++++ Data supplied ++++
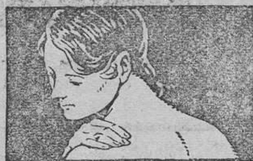
ALIVIA EL DOLOR DE TORSIONES Y DISLOCACIONES
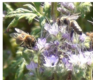
Pszczoła miodna na facelii.

Cennymi dla zapylaczy roślinami dziko rosnącymi są: wierzby, klony, lipy, jarzębiny, kruszyna pospolita, głogi, tarnina, berberys zwyczajny, malina, wawrzynek wilczełyko, wrzos zwyczajny, borówki, żurawina błotna, mącznica lekarska, nawłóć pospolita, macierzanka piaskowa, lebidka pospolita, wierzbowka kiprzyca, miodunka ćma, trędownik bulwiasty, pajęcznica gałęzista. Ponadto należy także mieć na uwadze następujące rośliny: komonicę zwyczajną, groszek
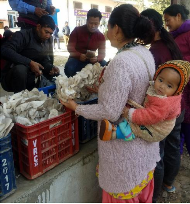
नवनिर्मित हाट बजारमा आफ्नो उत्पादन विक्री गर्दै एक कृषक

काम गरिरहेका छौं । यस बजारको स्थायित्वका लागि दिशानिर्देश गर्न निर्देशिकाको मस्यौदा भैसकेको छ । हामी धेरै आशावादी छौं कि सुआहाराले प्रवर्धन गरेका ग्रामिण नमूना कृषकहरू बजार व्यवस्थापन समितिमा रहनु भएकोले केही दिशानिर्देश गर्ने छ । यसबाट उत्पादकहरू र उपभोक्तहरूले प्रत्यक्ष लाभ लिन सक्नुहुनेछ।”
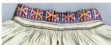
Запозичений «полуботківський» орнамент на комірі і манжеті сорочки зі Смільника кінця 20-х рр. XX ст.
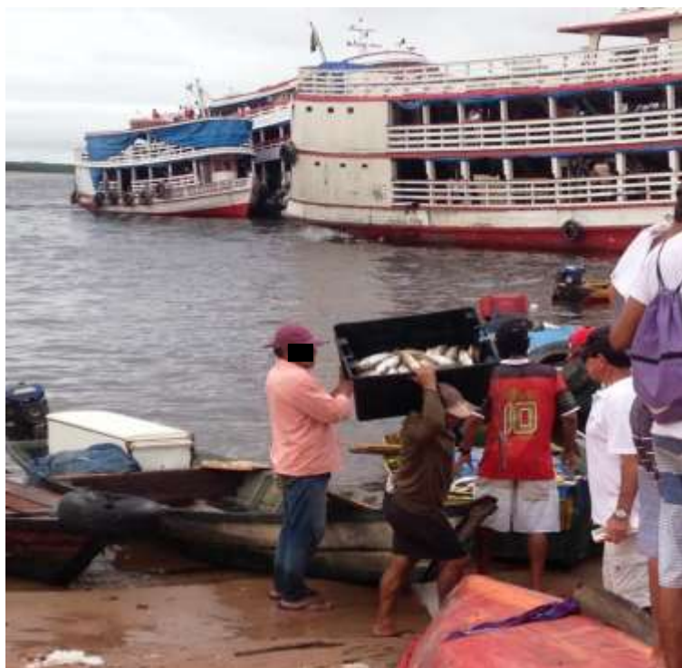
Figura 4. TEMA: TRABALHO. Descarregando peixe na orla do Rio Negro.
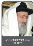
הרב הרב מרדכי זקוק שליט"א ראש מוסדות
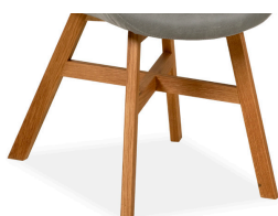
Gestell 2 Kreuzfußgestell Eiche massiv geölt
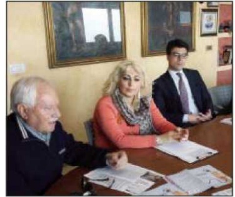
La conferenza stampa di presentazione del progetto
++++
About this task: Could you give the listing above again word for word, without any pictures?

Response:
ALIVIA EL DOLOR DE TORSIONES Y DISLOCACIONES
Pszczoła miodna na facelii.

Cennymi dla zapylaczy roślinami dziko rosnącymi są: wierzby, klony, lipy, jarzębiny, kruszyna pospolita, głogi, tarnina, berberys zwyczajny, malina, wawrzynek wilczełyko, wrzos zwyczajny, borówki, żurawina błotna, mącznica lekarska, nawłóć pospolita, macierzanka piaskowa, lebidka pospolita, wierzbowka kiprzyca, miodunka ćma, trędownik bulwiasty, pajęcznica gałęzista. Ponadto należy także mieć na uwadze następujące rośliny: komonicę zwyczajną, groszek
नवनिर्मित हाट बजारमा आफ्नो उत्पादन विक्री गर्दै एक कृषक

काम गरिरहेका छौं । यस बजारको स्थायित्वका लागि दिशानिर्देश गर्न निर्देशिकाको मस्यौदा भैसकेको छ । हामी धेरै आशावादी छौं कि सुआहाराले प्रवर्धन गरेका ग्रामिण नमूना कृषकहरू बजार व्यवस्थापन समितिमा रहनु भएकोले केही दिशानिर्देश गर्ने छ । यसबाट उत्पादकहरू र उपभोक्तहरूले प्रत्यक्ष लाभ लिन सक्नुहुनेछ।”
Запозичений «полуботківський» орнамент на комірі і манжеті сорочки зі Смільника кінця 20-х рр. XX ст.
Figura 4. TEMA: TRABALHO. Descarregando peixe na orla do Rio Negro.
הרב הרב מרדכי זקוק שליט"א ראש מוסדות
Gestell 2 Kreuzfußgestell Eiche massiv geölt
La conferenza stampa di presentazione del progetto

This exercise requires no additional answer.